What is a perceptron? And why start there? A perceptron is a binary classifier, which means it can only return one of two possible outputs (“classifications”). A simple way to think about it is that a perceptron is useful for answering “yes” or “no” kinds of questions like, “Do you want a cup of coffee?”
But the really cool thing about perceptrons—and the reason it is a perfect place to start learning about neural networks—is that a perceptron is a basic implementation of a single neuron. A “neural network” is simply a group of connected neurons. If we can understand how a single neuron works, understanding how they all work together in a network is surprisingly intuitive.
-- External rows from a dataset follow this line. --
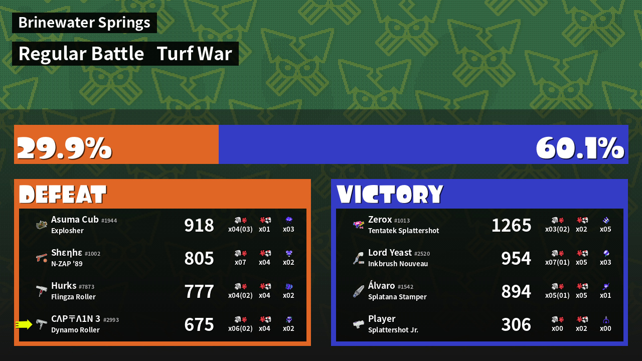 | Weapon | Dynamo Roller ( Sprinkler / Tacticooler) | ||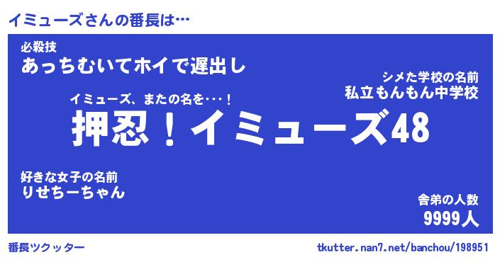 | ヒーロー風カッコイイあだ名 | 『スーパーイミューズ』『炎刃騎士イミ』 |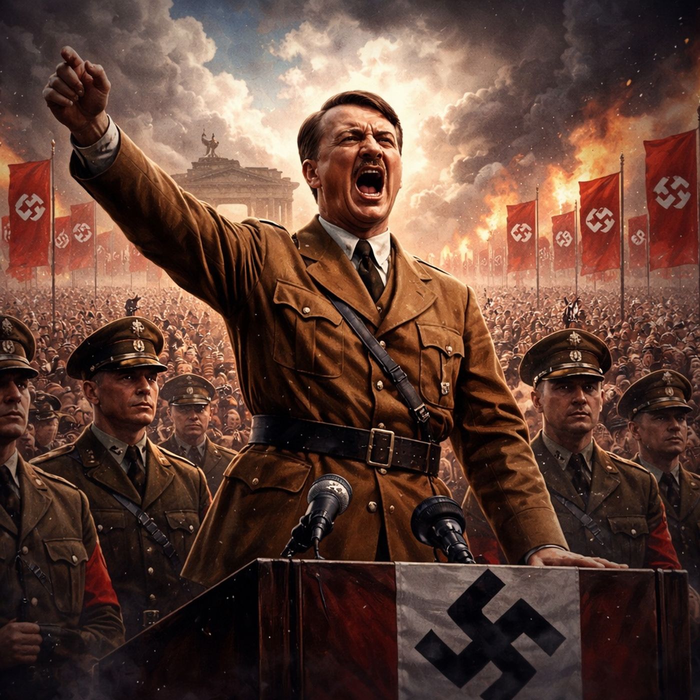 يعرض النص كيف تمكن أدولف هتلر من تحويل ألمانيا إلى مجتمع متطرف عبر خطب حماسية ووعود زائفة بالأمن الاقتصادي واستعادة الكرامة الوطنية. يتتبع صعوده من جندي مغمور إلى منصب الفورر، مستغلًا أزمات مثل اتفاقية فرساي والانهيار الاقتصادي لبناء نظام قائم على العنصرية والكراهية. يوضح السرد اعتماده على دائرة مقربة مثل جوبلز وهملر لفرض السيطرة بالبروباغندا والترهيب. كما يكشف عن الأفكار التوسعية والإبادية التي صاغها في كفاحي تحت غطاء القانون والنظام. وينتهي بشرح كيف قادت هذه السياسات إلى كارثة الحرب العالمية الثانية بعد خداع الشعب بادعاء السلم.

Before we get into it, a disclaimer: I am no expert in the fields of data science or machine learning. I am writing this because I found that understanding the perceptron was that lightbulb moment I needed to peer into the magic black box of neural networks. Once I understood this basic building block, the rest started to fall into place. I still have so much to learn, but now I have a fundamental understanding from which to build. I hope by the end of this article you will, too!
The Anatomy of a Perceptron
First let’s define some terms and talk about the components of a perceptron. Use this diagram to orient yourself as we walk through each component:
The input of a perceptron is the numeric data fed into the perceptron for which we want a binary classification. For example, if you were using a perceptron to determine whether or not you’d like a cup of coffee, you might have the following numeric input:
- Do you like coffee? (1 or 0)
- Time of day in minutes (0 to 1440)
- Your tolerance for caffeine (between 1 and 10)
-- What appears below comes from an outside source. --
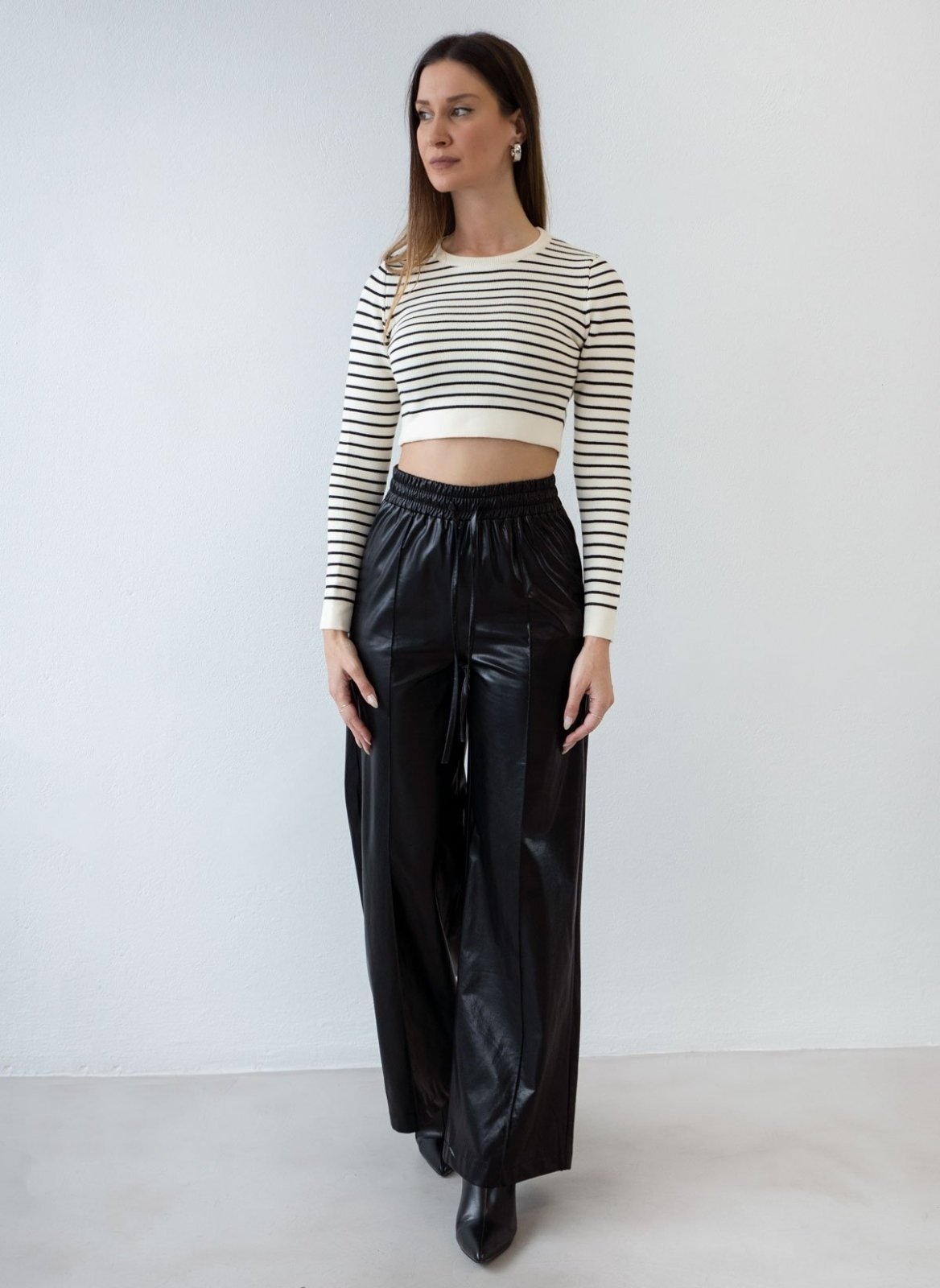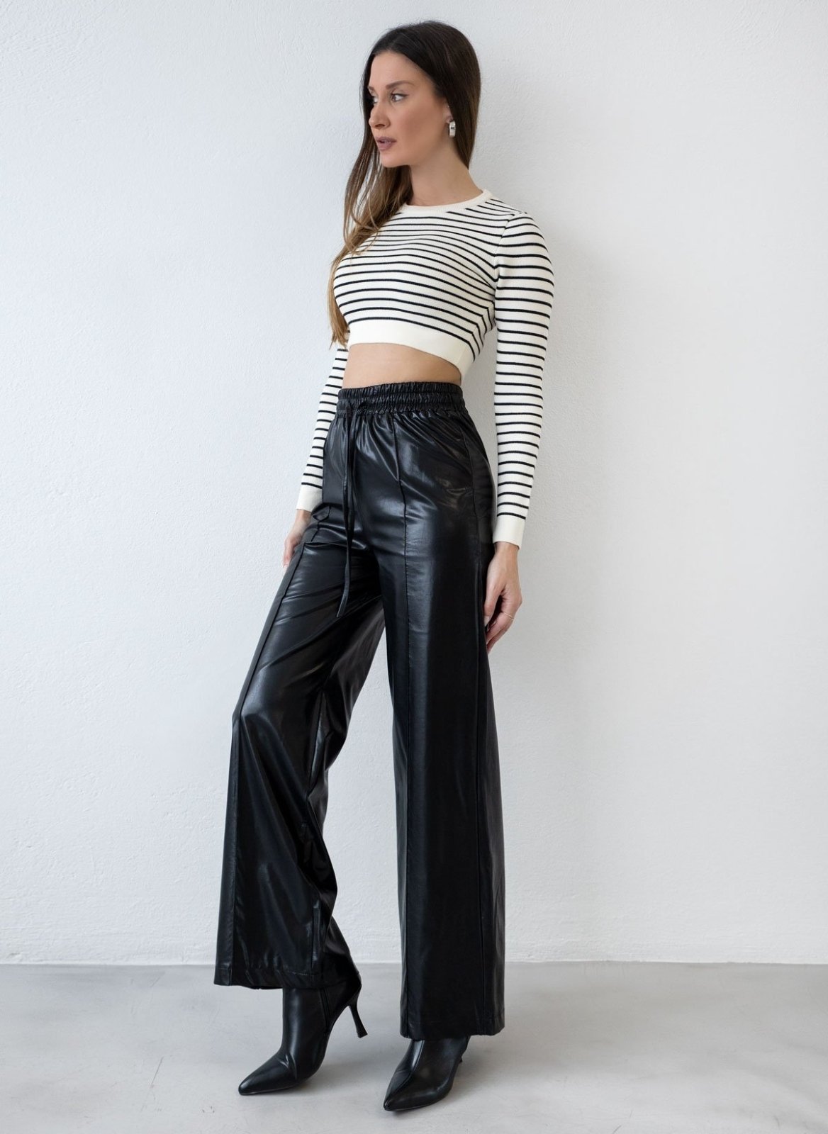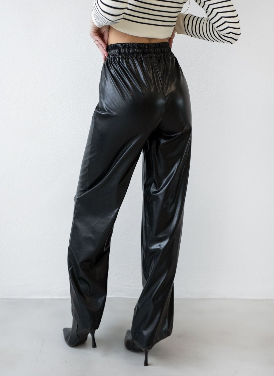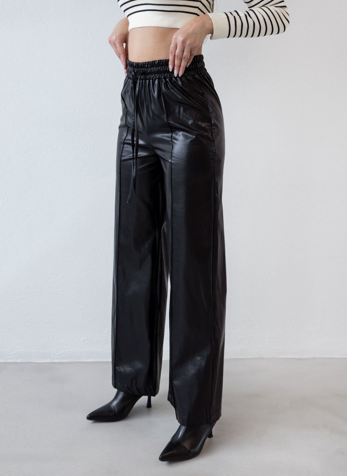 Παντελόνι ψηλόμεσο δερματίνη BISOU. Έχει λάστιχο στη μέση και σφίγγει με κορδόνια. Άνετη γραμμή. Κάθετη ραφή μπροστά.

- How tired are you? (between 1 and 10)
- How much effort obtaining a cup of coffee will require (between 1 and 10)
Now, given a dataset like above, a perceptron should be able to learn and then somewhat accurately predict whether or not you’d like a coffee. But how? You’ll just have to… “weight”… to find out!
It’s perhaps a little simplistic, but you could think of “weight” as the amount of impact a particular input has on the outcome. For example, if you really like coffee, you may be willing to drink it any time of day! In that case, the weight associated with “Do you like coffee” would be very high and the weight associated with “Time of day in minutes” would be low.
Each input has its own weight. When input is passed into the perceptron, each input is multiplied by its corresponding weight. The resulting value is then added together with all the other input/weight combinations, and that single number is what is passed to the “activation” function.
The “activation” function determines whether the neuron is active or inactive. It takes the sum of all the inputs multiplied by their corresponding weights (an aggregate weighted input) and converts it to the expected binary output. This can get complicated and involve other concepts like “bias,” but a simple example of an activation function would be something like: If our aggregate input is greater than 0, return 1. Otherwise, return -1.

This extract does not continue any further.